Detainee Hamdan Loses Bid to Challenge Detention
Federal Judge James Robertson has ruled in Hamdan v. Rumsfeld that Salim Ahmed Hamdan cannot challenge his confinement at Guantanamo because of the Military Commissions Act passed in September, which prevents the detainees from bringing habeas challenges.
It was Judge Robertson who granted Mr. Hamdan’s habeas petition in November 2004, abruptly halting his war crimes trial in the middle of proceedings at Guantánamo by ruling that the process was fatally flawed.
But in his decision Wednesday, the judge said circumstances had changed fundamentally with enactment of the new law. And not only is Mr.
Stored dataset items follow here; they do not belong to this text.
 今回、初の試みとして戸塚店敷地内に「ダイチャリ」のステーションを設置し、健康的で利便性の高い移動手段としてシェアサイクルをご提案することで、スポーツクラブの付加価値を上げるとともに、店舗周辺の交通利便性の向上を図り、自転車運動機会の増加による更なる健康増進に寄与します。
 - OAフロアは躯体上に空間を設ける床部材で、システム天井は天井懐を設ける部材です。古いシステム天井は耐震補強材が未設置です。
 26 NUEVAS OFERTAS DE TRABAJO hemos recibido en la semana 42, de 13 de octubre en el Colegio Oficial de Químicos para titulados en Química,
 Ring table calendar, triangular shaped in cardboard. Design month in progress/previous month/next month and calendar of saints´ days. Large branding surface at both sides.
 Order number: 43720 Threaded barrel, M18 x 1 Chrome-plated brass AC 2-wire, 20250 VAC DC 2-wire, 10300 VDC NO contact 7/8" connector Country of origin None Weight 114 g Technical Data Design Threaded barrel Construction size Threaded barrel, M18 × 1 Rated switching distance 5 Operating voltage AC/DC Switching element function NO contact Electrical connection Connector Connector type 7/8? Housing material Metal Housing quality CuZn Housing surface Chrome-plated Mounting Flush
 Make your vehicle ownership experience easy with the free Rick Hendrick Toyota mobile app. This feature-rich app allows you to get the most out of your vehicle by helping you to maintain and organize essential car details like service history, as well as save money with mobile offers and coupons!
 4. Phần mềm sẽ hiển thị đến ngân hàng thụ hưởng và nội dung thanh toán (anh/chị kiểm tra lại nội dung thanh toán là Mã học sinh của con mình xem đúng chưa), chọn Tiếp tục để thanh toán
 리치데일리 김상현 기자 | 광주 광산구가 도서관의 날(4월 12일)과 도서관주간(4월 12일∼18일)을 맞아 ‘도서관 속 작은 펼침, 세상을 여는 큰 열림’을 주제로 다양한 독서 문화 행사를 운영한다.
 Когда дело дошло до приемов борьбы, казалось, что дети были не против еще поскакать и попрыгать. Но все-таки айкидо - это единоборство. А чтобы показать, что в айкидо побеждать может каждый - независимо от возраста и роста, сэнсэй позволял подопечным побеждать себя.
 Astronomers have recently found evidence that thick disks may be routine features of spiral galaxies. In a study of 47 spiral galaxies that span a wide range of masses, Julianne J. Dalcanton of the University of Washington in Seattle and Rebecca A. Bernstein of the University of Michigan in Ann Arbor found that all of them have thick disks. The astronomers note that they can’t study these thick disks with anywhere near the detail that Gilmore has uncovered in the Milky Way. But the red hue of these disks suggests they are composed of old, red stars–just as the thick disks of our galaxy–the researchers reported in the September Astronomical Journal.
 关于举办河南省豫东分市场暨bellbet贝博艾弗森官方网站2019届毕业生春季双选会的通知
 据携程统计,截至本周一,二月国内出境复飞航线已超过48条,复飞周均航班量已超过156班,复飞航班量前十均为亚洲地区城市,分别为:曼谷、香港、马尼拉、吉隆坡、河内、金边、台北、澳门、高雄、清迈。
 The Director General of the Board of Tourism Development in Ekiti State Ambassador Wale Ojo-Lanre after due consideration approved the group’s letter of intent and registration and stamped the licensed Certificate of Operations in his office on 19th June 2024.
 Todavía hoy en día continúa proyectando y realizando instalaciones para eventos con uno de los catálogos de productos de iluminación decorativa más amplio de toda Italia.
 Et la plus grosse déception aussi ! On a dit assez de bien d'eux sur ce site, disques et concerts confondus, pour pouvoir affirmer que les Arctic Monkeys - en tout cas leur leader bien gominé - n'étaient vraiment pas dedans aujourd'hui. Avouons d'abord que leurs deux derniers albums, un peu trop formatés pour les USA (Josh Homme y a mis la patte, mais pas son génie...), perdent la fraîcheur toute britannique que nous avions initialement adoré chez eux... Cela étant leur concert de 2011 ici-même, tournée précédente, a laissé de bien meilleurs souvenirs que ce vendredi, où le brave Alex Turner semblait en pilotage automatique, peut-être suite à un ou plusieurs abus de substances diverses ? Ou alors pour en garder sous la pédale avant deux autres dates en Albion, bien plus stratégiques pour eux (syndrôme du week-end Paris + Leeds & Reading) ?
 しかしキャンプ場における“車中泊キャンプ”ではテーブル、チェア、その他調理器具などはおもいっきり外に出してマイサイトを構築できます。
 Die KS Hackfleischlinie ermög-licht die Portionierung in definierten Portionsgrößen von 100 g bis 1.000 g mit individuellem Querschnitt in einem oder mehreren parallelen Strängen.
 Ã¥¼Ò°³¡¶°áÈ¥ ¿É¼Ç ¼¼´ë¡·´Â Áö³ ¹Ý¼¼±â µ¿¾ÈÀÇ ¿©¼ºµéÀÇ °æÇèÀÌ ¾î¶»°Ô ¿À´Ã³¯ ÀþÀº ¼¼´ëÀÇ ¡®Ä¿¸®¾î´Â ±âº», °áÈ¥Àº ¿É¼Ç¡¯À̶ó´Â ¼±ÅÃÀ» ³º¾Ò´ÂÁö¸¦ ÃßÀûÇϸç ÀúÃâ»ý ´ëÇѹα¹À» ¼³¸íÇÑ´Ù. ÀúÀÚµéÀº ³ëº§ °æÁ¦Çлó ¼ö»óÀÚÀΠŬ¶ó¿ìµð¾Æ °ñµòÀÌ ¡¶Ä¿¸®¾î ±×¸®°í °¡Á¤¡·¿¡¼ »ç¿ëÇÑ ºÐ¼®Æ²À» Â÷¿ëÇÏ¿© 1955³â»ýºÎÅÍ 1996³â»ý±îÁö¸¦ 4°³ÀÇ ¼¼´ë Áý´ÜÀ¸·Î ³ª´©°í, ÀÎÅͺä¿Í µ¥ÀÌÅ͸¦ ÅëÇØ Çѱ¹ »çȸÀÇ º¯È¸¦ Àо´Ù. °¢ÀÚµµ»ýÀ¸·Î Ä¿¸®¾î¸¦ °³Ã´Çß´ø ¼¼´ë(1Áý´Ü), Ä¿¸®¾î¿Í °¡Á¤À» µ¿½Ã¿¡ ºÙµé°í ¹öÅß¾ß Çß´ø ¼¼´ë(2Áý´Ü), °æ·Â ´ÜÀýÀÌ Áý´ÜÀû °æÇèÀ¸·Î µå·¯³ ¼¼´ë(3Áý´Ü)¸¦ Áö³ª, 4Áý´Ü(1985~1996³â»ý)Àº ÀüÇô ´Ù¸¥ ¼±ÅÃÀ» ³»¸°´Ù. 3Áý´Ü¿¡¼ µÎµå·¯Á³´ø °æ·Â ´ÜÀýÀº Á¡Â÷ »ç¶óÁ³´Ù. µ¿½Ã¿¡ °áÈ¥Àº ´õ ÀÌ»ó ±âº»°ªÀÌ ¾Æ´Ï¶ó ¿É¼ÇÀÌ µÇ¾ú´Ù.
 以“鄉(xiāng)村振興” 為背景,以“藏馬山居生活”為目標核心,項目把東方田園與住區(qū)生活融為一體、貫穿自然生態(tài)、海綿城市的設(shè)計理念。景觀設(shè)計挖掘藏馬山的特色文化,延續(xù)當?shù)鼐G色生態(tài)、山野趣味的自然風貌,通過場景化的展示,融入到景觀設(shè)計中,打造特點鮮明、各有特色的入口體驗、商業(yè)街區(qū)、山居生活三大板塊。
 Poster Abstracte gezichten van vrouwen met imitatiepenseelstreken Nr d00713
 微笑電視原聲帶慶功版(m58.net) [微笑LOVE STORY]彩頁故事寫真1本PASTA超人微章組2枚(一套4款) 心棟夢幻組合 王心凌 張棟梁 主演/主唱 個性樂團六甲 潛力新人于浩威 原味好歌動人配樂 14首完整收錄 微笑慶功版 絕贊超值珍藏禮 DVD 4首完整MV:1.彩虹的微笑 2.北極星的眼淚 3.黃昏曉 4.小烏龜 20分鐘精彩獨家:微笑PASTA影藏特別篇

Hamdan barred from a challenge under the habeas statute, the judge said, he cannot follow the usual second avenue to bring a habeas challenge — invoking the Constitution — because it is unclear that noncitizens at Guantánamo have that right.
The opinion is here (pdf). TalkLeft reader Scribe addresses the decision in this diary.
For the non-lawyers in the audience, the sum and substance of this opinion is that the thugs in Congress who wrote the Torture Act and their masters in the White House have won, and won big, today. They managed to succeed in negating the power of the federal courts to consider habeas corpus applications, while still persuading the same federal courts they had not "suspended" the writ.